Dezenas de historiadores confirmaram que os compradores de terra valiosíssima vieram do exterior. Clóvis Alvim (1980) escreveu: “Os ingleses e americanos interessaram-se vivamente pelo assunto. E trataram logo de organizar companhias para a exploração do minério, adquirindo dos incautos itabiranos largos tratos de terra, por algumas magras patacas”. Aqui foi fincada a Itabira Iron Ore Company.
Também Drummond deu uma de suas cutucadas em “Itabira” (1930):
Cada um de nós tem seu/ Pedaço no Pico do Cauê./Na cidade toda de ferro./ As ferraduras batem como sinos./Os meninos seguem para a escola./ Os homens olham para o chão/ Os ingleses compram a mina./Só, na porta da venda, Tutu Caramujo/ cisma na derrota incomparável.
A história, às vezes, se repete, mesmo que soando em outras tonalidades. Agora, depois de dois séculos de ilusões e sonhos, chegam os chineses aqui para ver se concedem um empréstimo de dólares ao município (não se sabe ao certo se 100 ou 200 milhões), que seriam destinados à efetivação de um Parque Tecnológico, construção de um aeroporto industrial e conclusão de obras da Unifei. Dependendo de aval do governo federal e do senado para que esses dólares sejam creditados à prefeitura, vindo das sobras merrecas de Xi Jinging, parece que voltamos ao início do século XX, quando os ideais nacionalistas tentaram mas não impediram que o empreendedor inglês, Percival Facquar, astuto por sinal, se apoderasse das minas Cauê e Conceição, nossos filés mignons. O nacionalismo foi salvo temporariamente pela Companhia Vale do Rio Doce (CVRD), que entrou em cena na década de 1940.
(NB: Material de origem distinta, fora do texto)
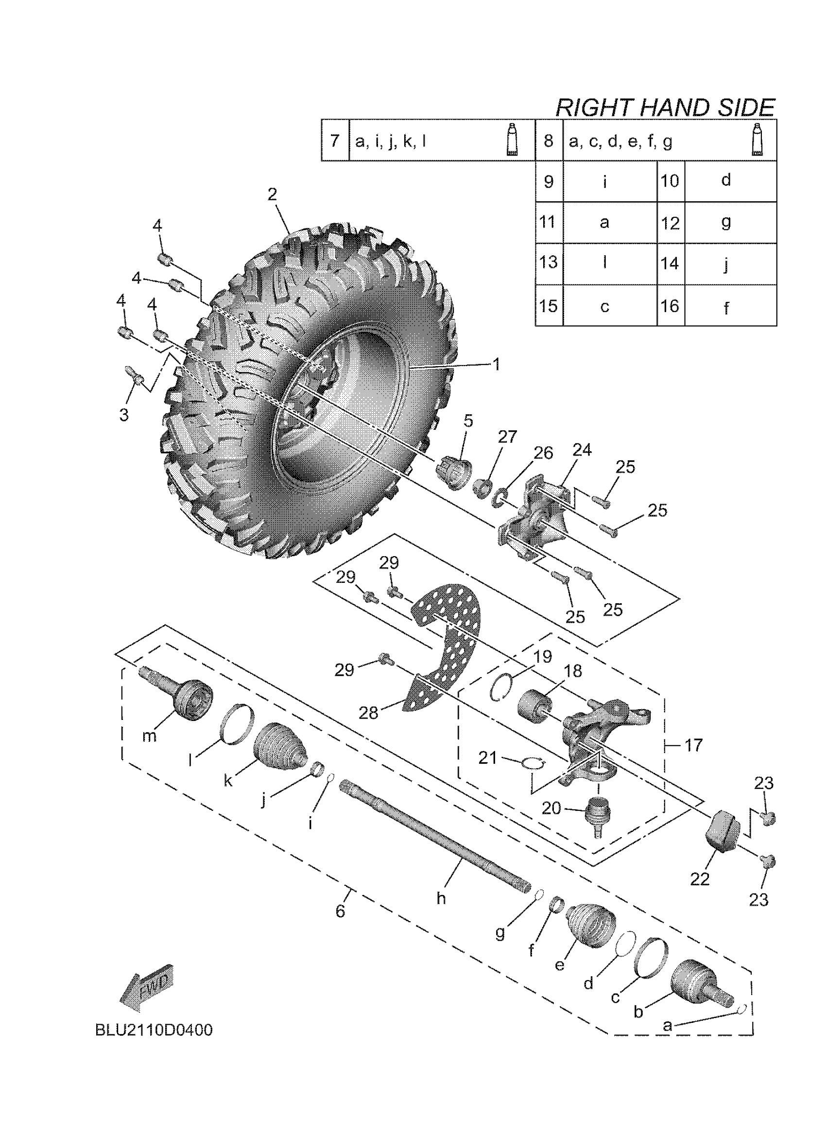 Yamaha YXF10WRATG (WOLVERINE RMAX4 1000 COMPACT R SPEC) BLU8 2026 FRONT WHEEL 2 Diagram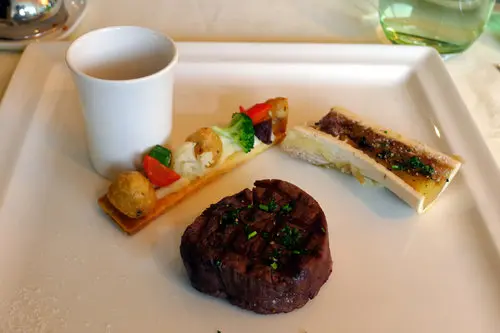 我們這次是使用麗禧去年在國際旅展所優惠的票券,歐陸餐廳680元的輕食套餐二人份或是一人份1380元的套餐。輕食套餐內容有開胃小品、香料油封鮪魚佐初榨橄欖油蕃茄醬汁或南法時錦貝類蔬菜湯、法式傳統白汁燴犢牛附義大利麵(牛肉產地:澳洲)或炭烤明蝦佐乳酪燉飯、主廚手工甜點或咖啡或茶。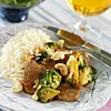 Lägg i broccolin och låt allt bli varmt. Strö över nötterna och servera med ris.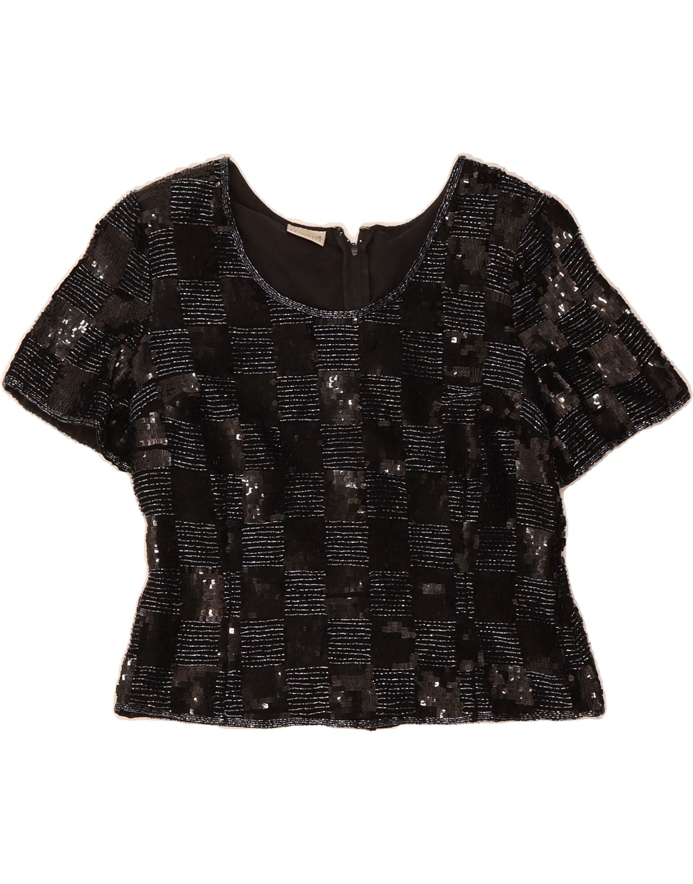 ROMAN Womens Crop Blouse Top UK 16 Large Black Check Polyester

Mas aí as qualidades e/ou defeitos dos itabiranos vieram à tona. Devagar, voado, distraído, panaca, lerdo, desanimado, pessimista, babaca — são expressões contidas em TCCs, artigos de Pós, Mestrados e Doutorados. Esses adjetivos, incluindo o fatal “preguiçoso”, podem ser vistos em pesquisas de historiadores, os quais divulguei em 19 capítulos no site www.noticiaseca.com.br.
De que precisamos? Fácil entender: dinamismo, empreendedorismo, coragem, idealismo, otimismo, capacidade técnica, vontade, determinação, honestidade. Ou seja, quase tudo que não tivemos no decorrer de dois séculos, sustentados por uma riqueza fácil, brotada do chão, que rende royalties. Agora esses seguiriam à penhora. E tem um desafio bem gigante a enfrentar: com a Vale fazendo seus testes simulados de terror e pavor, fábrica de estresse e desordem moral, é uma barreira maior que barragem para atrair investidores a estas terras. Socorro, meu Deus
E agora, José? — repetiria Drummond, mudando os rumos de seus questionamentos, além de ressuscitar Tutu Caramujo que, na visão de muitos, ainda é fantasma resistente. De positivo — e a isto me agarro — há respostas estruturadas no amadurecimento: cansada de apanhar, a cidade pode tomar vergonha na cara. É o que esperamos ansiosamente. A solução, a meu ver, está no acionamento da sociedade civil organizada, mesmo receosa, a esta altura, de que os chineses sejam outros Percivais Facquars como pedras no caminho. Não temos tempo a perder.
É este, então, o meu alerta: acorde Itabira, use a experiência vivida em dois séculos para não perder o trem do futuro.